For anyone wit a strong interest in high precision, I strongly recommend reading Wayne Moore's "Foundations of Mechanical Accuracy". For years you couldn't find this book for under a few hundred dollars (it is often considered the bible of precision workmanship), but recently it came available online as a PDF.
Of course the degree of precision it delves in to is thousands of time the level we have any right to concern ourselves with in this field, but the basic concepts are fertile none the less. Acute awareness of just how much the most seemingly rigid forms can distort under the slightest load, basic principles of checking and referencing, calibrating our tools - you don't need to be able to level a 4' surface plate to ten millionths of an inch, but the more you understand and appreciate how these results are achieved, the more you'll find the same core principles working their way in to your methods.

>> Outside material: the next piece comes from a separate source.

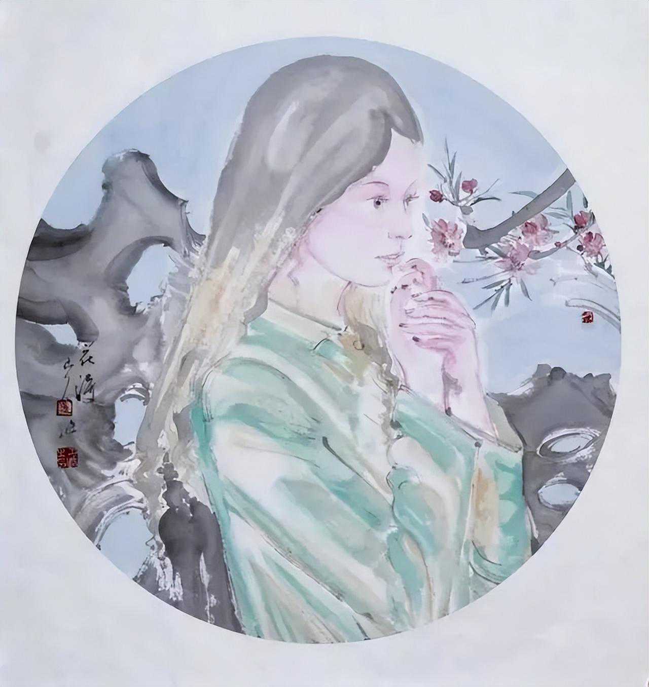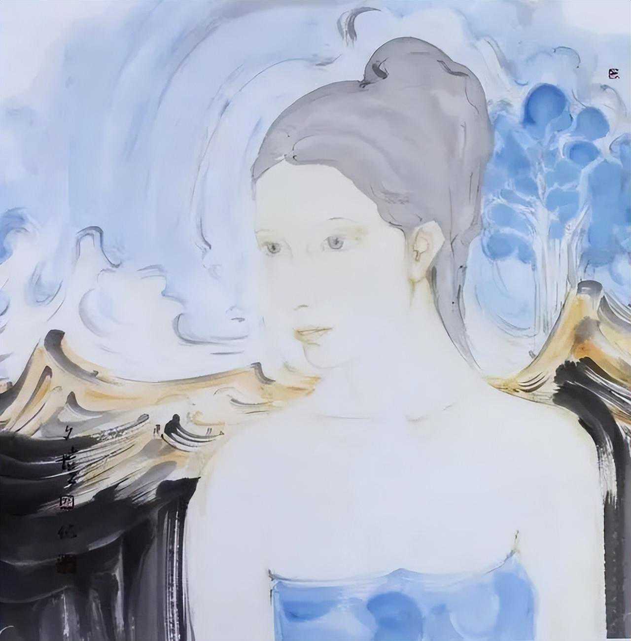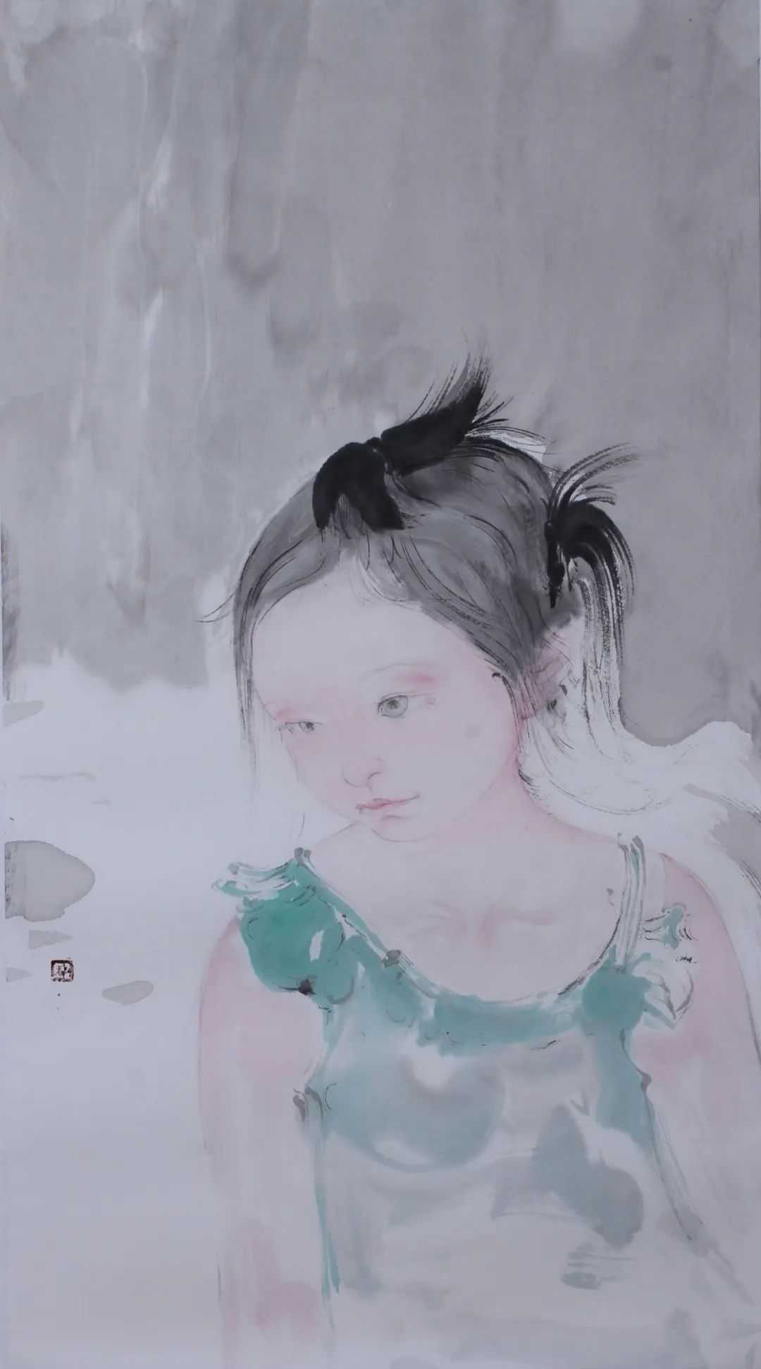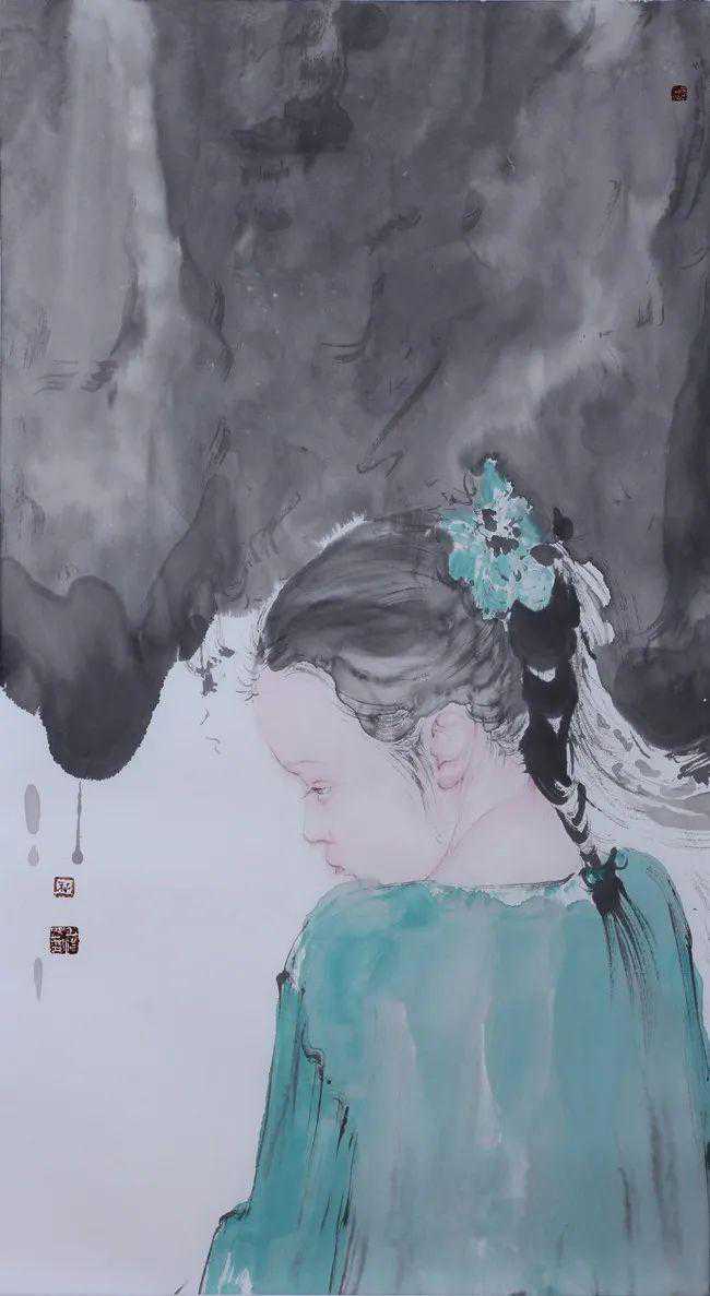 孙夕恺在人物水墨中很注重刻画内心情感,它以所绘人物的眼神的变化——喜怒哀愁,来塑造人的情感、表现人的性情。生活中眼睛是心灵的窗口,绘画作品莫不如此。形、神的审美意义直接在人的眼中体现。孙夕恺在人物形神关系的艺术处理上,透过对人物形象的眼神把握——或真诚、或迷茫、或失落、或哀怨……努力在审美意象中体验笔墨的情趣和方向性。

There's of course quite a gap between the methods used in calibrating the highest precision machines and what will bring realizable benefits to a flexible neck of wood and metal, but still the more you understand of the higher standards, the closer you'll find yourself to achieving them.

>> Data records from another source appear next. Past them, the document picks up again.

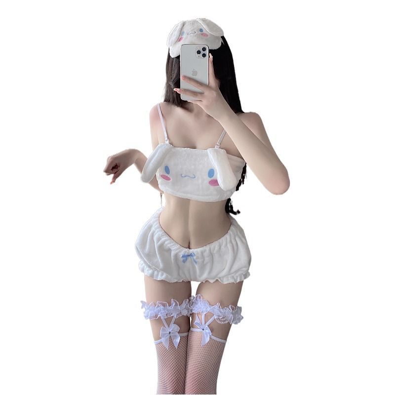 1X Pajamas Flannel Y2k Hello Kitty Cinnamon Dog Three-point Shorts Set Stockings Headband Camisole Top 4 Piece Set
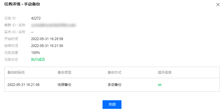 选择备份类型 | 支持快照备份和逻辑备份。 注意: 逻辑备份会对数据库加锁,在手动备份期间会影响数据库的使用,建议在业务低峰期进行逻辑备份操作。 |
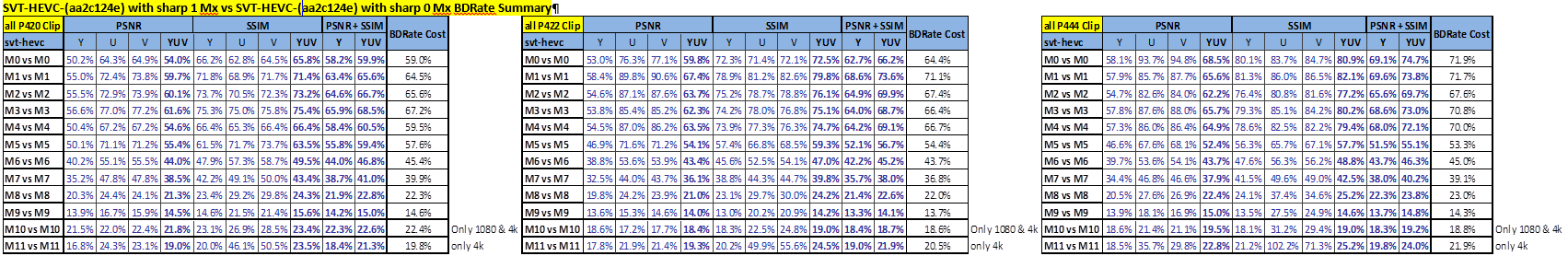 we found Quality PSNR/SSIM BDRate with setting “-sharp 1” have ~70% drop compared with setting “-sharp 0”.
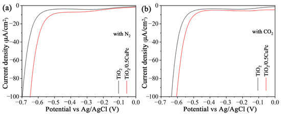 Electrochemical reduction curves of the TiO2 and TiO2/0.5CuPc heterojunction in (a) a N2-bubbled system and (b) a CO2-bubbled system, respectively.
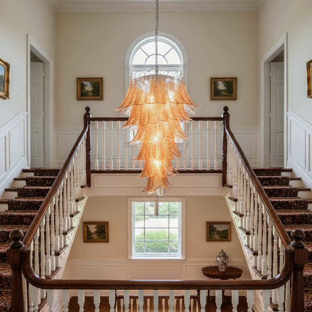 Murano Amber Felch Spiral Chandelier, Enhance your living space. This stunning piece is a perfect blend of modern elegance and artistic craftsmanship, featuring meticulously handcrafted Amber glass pieces arranged in a captivating spiral design. Illuminate your space with a captivating glow, creating a warm and inviting ambiance. Each piece of glass reflects light beautifully, adding depth and dimension to any room.
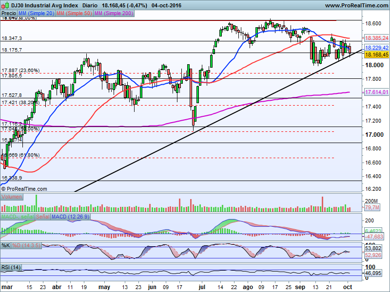 El Dow Jones de Industriales, así como el S&P500 siguen moviéndose en un lateral que en este caso comprende alrededor de un 5% entre su parte más baja y su zona de resistencia.

I got my start when I was a machinist apprentice at 18, and was tasked for several months with lapping surface bearings, and the methods of lapping, referencing, and gauging have stuck with me and strongly influenced the methods I've developed for fret work. A bit overkill perhaps, but when practiced and refined can be employed without any significant cost or time, so why not.
We do use straight beams in our shop, leveled and reference to a good surface plate (certified to 25 millionths of an inch some years back, though no doubt past due for recalibration today). Regarding sandpapers, the 3M gold rolls have proven quite reliable. For several years I used a 3M precision lapping film for final checks, 30 micron on a precision uniform backing. After years of stubbornly insisting on using this for my final reference though, its use has faded since I've finally admitted that I've never found it to reveal any notable inconcistencies left by the 3m 240 stage. For a non-precision, not guaranteed to be uniform sandpaper, this stuff does a pretty darn good job.

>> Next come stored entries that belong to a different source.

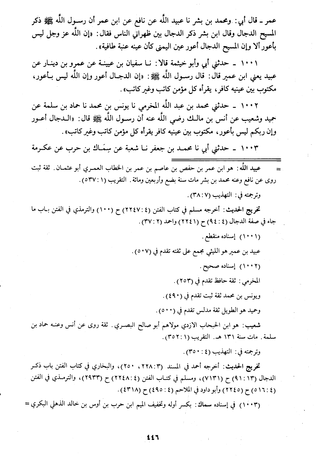 1001 - حَدَّثَنِي أَبِي وَأَبُو خَيْثَمَةَ قَالَا: نا سُفْيَانُ بْنُ عُيَيْنَةَ، عَنْ عَمْرِو بْنِ دِينَارٍ، عَنْ عُبَيْدٍ يَعْنِي ابْنَ عُمَيْرٍ، قَالَ: قَالَ رَسُولُ اللَّهِ صَلَّى اللهُ عَلَيْهِ وَسَلَّمَ: «§إِنَّ الدَّجَّالَ أَعْوَرُ وَإِنَّ اللَّهَ لَيْسَ بِأَعْوَرَ، مَكْتُوبٌ بَيْنَ عَيْنَيْهِ كَافِرٌ يَقْرَأُهُ كُلُّ مُؤْمِنٍ كَاتِبٌ وَغَيْرُ كَاتِبٍ»
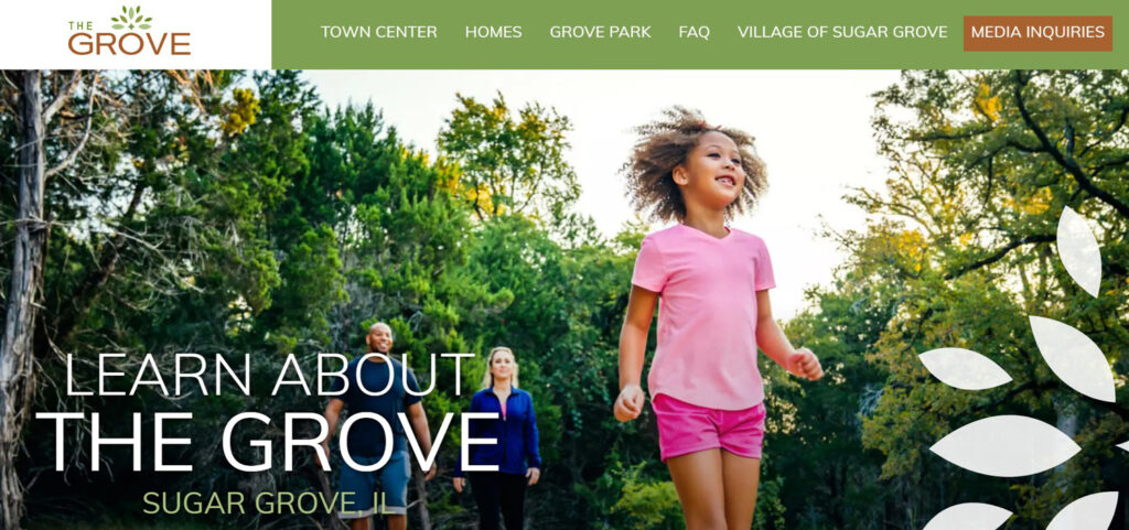 The current plan for The Grove would position the town center, community green space and residential neighborhoods on the land parcel south of Interstate 88, along with a smaller live/work district – Grove Park – on the land parcel north of the interchange. Grove Park could feature a variety of land uses, including healthcare, business suites, retail, restaurants, multifamily housing, distribution, data center, and other services that provide job opportunities and benefit the Sugar Grove community.
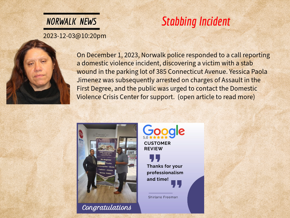 The victim was transported to Norwalk Hospital via ambulance for treatment, while officers initiated a search for the suspect. Subsequently, Norwalk Police Detectives took over the investigation, leading to the arrest of the suspect, Yessica Paola Jimenez.
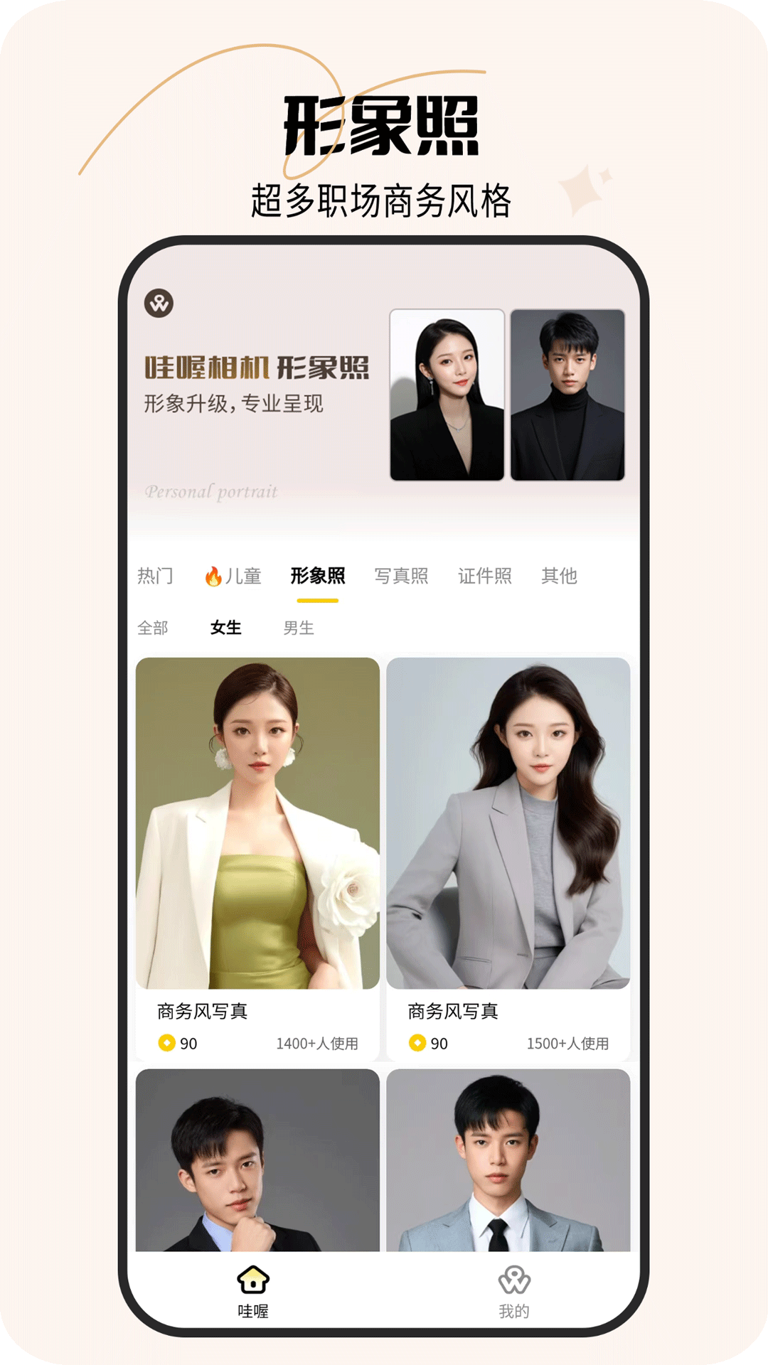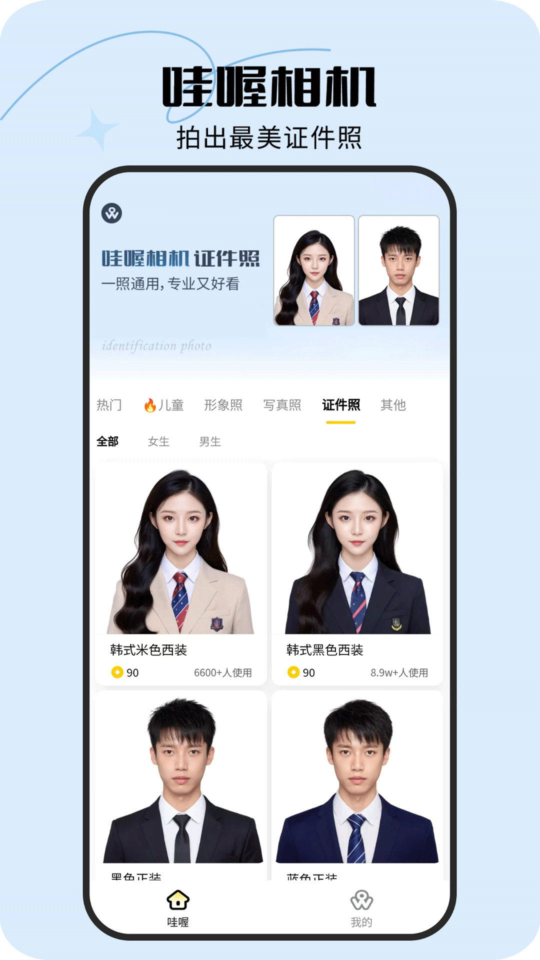 哇喔相机超神奇,仅需一张照片,短短几秒钟,就能让你拥有千变万化的写真证件照。

Of course much of the precision is due to the methods, where any minor deviations in the sandpaper are cancelled out and to some degree self regulated by how the beams are moved and positioned. It's not something simple to describe, but simply involves good awareness of how precision is affected and achieved. My precision leveling process can often involve as much as 3, 4, sometimes more sequential stages of leveling, crowning, and referencing. May seem like unnecessary redundancy, but with practice can bring notable refinement with very little added time. Grit and pressure are altered through the process, along with very intentional control of position and deflection of the neck, and awareness of inevitable deflection of the beams. Sounds like it may be hard and time consuming, and while it is both of these to learn, once mastered it is no longer either.
How much precision is enough? I view precision in two main categories - long and short range. Short range precision is simpler to quantify. With any two adjacent frets, any discrepancies must be multiplied by 18 at the saddle to allow the same clearance for the string on the following fret when compared to perfectly level. This means if fret 2 is .001" higher than fret 1, or 10 is .001" higher than 9, the saddle must be raised .018 higher to give the same clearance over 2 or 10 when fretted at 1 or 9. To put it in perspective, this means that a half of a thousandth variance would require a bit more than a 1/3 turn on your Strat saddle screws to allow for the same clearance. Not huge, but not quite close enough for me to call "perfect" either. With good tools and methods, it's not that hard to bring your short range tolerances down to within 1/10-1/4 of a thousandth of an inch.
Long range tolerances are a bit harder to quantify, as well as harder to define an ultimate "ideal". Aside from determining a preference for straight or relief, how relief is centered and shaped, or where fall away may begin, the neck is really too flexible to place objective final numbers to the shape. Gravity, the pluck of a string, touch of a hand - these all affect significant distortions on the neck. Shape can be strategically controlled in a relative sense though, with varying relief from treble to bass, or deciding whether relief should be centered at the 6-7 frets vs more focused in the first 7 and flattening out slightly from there up. Lot's of different approaches can bring benefits to different players and different necks, so this one is more a strategy and judgement to be developed by experience.
And finally, back to grits - I can use 80, 120, 180, 240, and occasionally still the 30 micron lapping film. It all depends on where you're starting from. If it's a neck I just fretted I may go straight to 240. If I'm leveling out a big hump in a fret dress or doing a partial bar refret, there's no sense in wasting time bringing it in to the initial ballpark, and I may start with a course file.
Longer answer than anyone was lookng for I know, but once I get started... Fret dressing starts out seeming simple. Work for enough demanding players and uncooperative instruments though, and whole realm of previously unconsidered demands and complexities can be revealed. Then comes the long hard learning curve of refining your methods and understanding before you reach the next level. Once practiced and thoroughly understood though, the simplicity and ease of controlling predictable results can be realized in a much more satisfying way.
_________________ Eschew obfuscation, espouse elucidation.